The digital stethoscope is being commercialised by the startup Ayu Devices, with over 60 orders for the device, the startup is also focusing on bringing it to rural India.
At the 2015 Medical Device Innovation Conclave (MEDIC) organised by IIT Bombay, two engineers and a doctor came together to solve a conventional problem in the medical device field. The problem of the stethoscope.
The stethoscope is the most commonly used medical device in the healthcare industry. Although a simple device, its efficiency is determined by the person who uses it. Further, it can only pick up faint sounds, making a diagnosis quite difficult.
With this in mind, Adarsha K and Tapas Pandey teamed up with Dr Nambiraj Konar to develop a digital stethoscope for the MEDIC showcase in 2015.
Their prototype could amplify heartbeats and lung sounds, record the audio, and convert it into an audio file which could then be shared over different platforms. “So, an Asha worker in a remote village can capture a patient’s stats and share them with a doctor located elsewhere,” Adarsha explained to Forbes India.

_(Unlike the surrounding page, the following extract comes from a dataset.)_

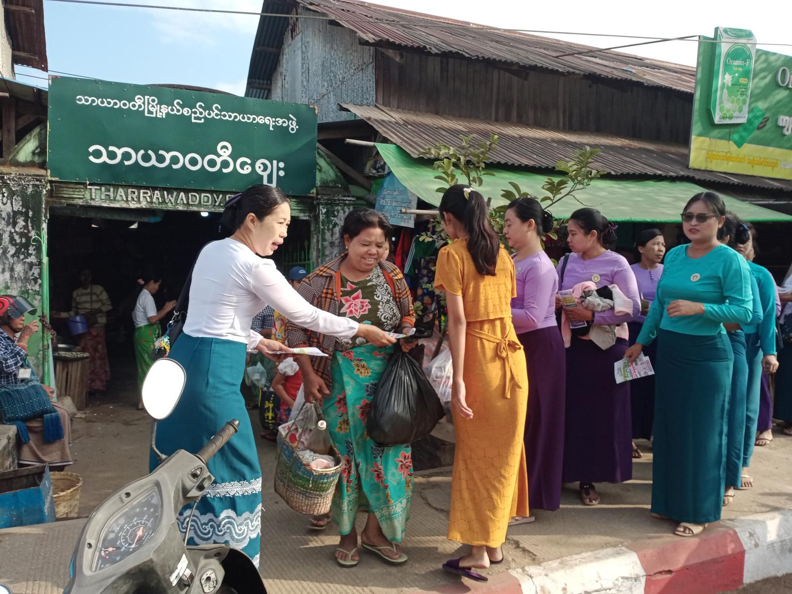 အသိပညာပေးလက်ကမ်းစာစောင်များ ဖြန့်ဝေရာတွင် ကျောက်ဆည်ခရိုင် ပြန်ကြားရေးနှင့်ပြည်သူ့ဆက်ဆံရေးဦးစီးဌာနမှ လက်ထောက်ညွှန်ကြားရေးမှူး ဒေါ်တင်သူဇာလှိုင်နှင့်ဝန်ထမ်းများမှ မြို့မဈေးရှိဈေးရောင်းသည့် ဈေးသည်များ၊ ဈေးဝယ်ပြည်သူများအား ဖြန့်ဝေခဲ့ကြောင်း သိရသည်။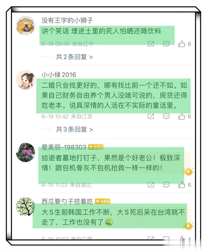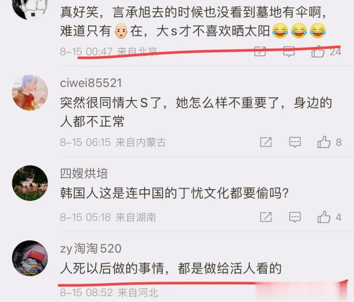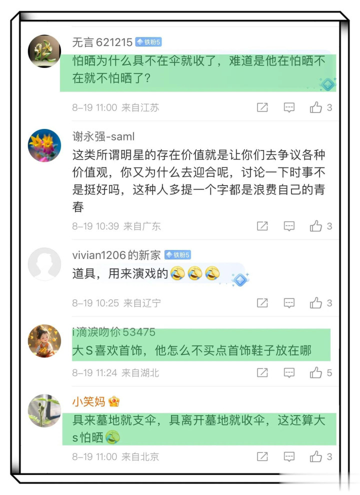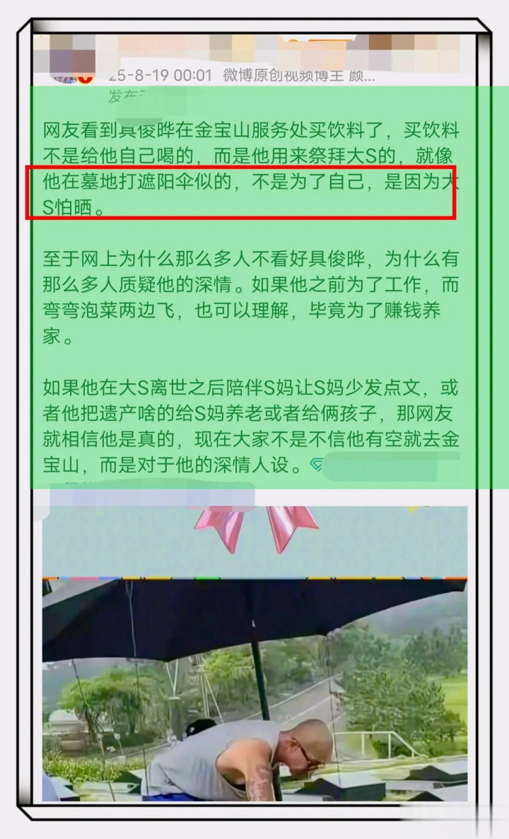 不仅如此,网友还称具俊晔打的遮阳伞大家都以为是他光头,坐的时间久怕太阳晒的太厉害,所以他才打伞,其实不是,该网友称具俊晔去墓地打伞是因为心爱的熙媛怕晒,都知道大S生前最怕晒太阳,与汪小菲结婚的时候还专门选择阴天,大S跟具俊晔在一起的时候,两个人也是不会在外面逛街合影,都是在电梯里,因为她是美容大王,她注重美白,怕太阳!

(An Asha worker or an Accredited Social Health Activists is a community health worker instituted by the Ministry of Health and Family Welfare, Government of India. As part of the National Rural Health Mission (NRHM), every village in India is to have an Asha worker.)
This prototype won the showcase that year, and the trio was offered a fellowship at the Biomedical Engineering and Technology Centre (incubation), or BETiC, at IIT-Bombay, where they could refine their device, undertake clinical trials and take it to the market.
Fast forward to 2018 when the digital stethoscope is being commercialised by the startup Ayu Devices. With over 60 orders for the device, the startup is also focusing on bringing it to rural India.
Ayu Devices have now made the ‘digital’ part available to any stethoscope. With the AyuLynk, doctors can turn any conventional stethoscope into an advanced one by the small addition of the unit. This can also share the information via Bluetooth technology.
The startup is also working on a ‘smarter’ device that will use Artificial Intelligence to read patient data and collate necessary information for better diagnosis.
The startup and the innovation is an example of how incubation centres like BETiC can help bring out such technologies, refine them and make them commercially available for people.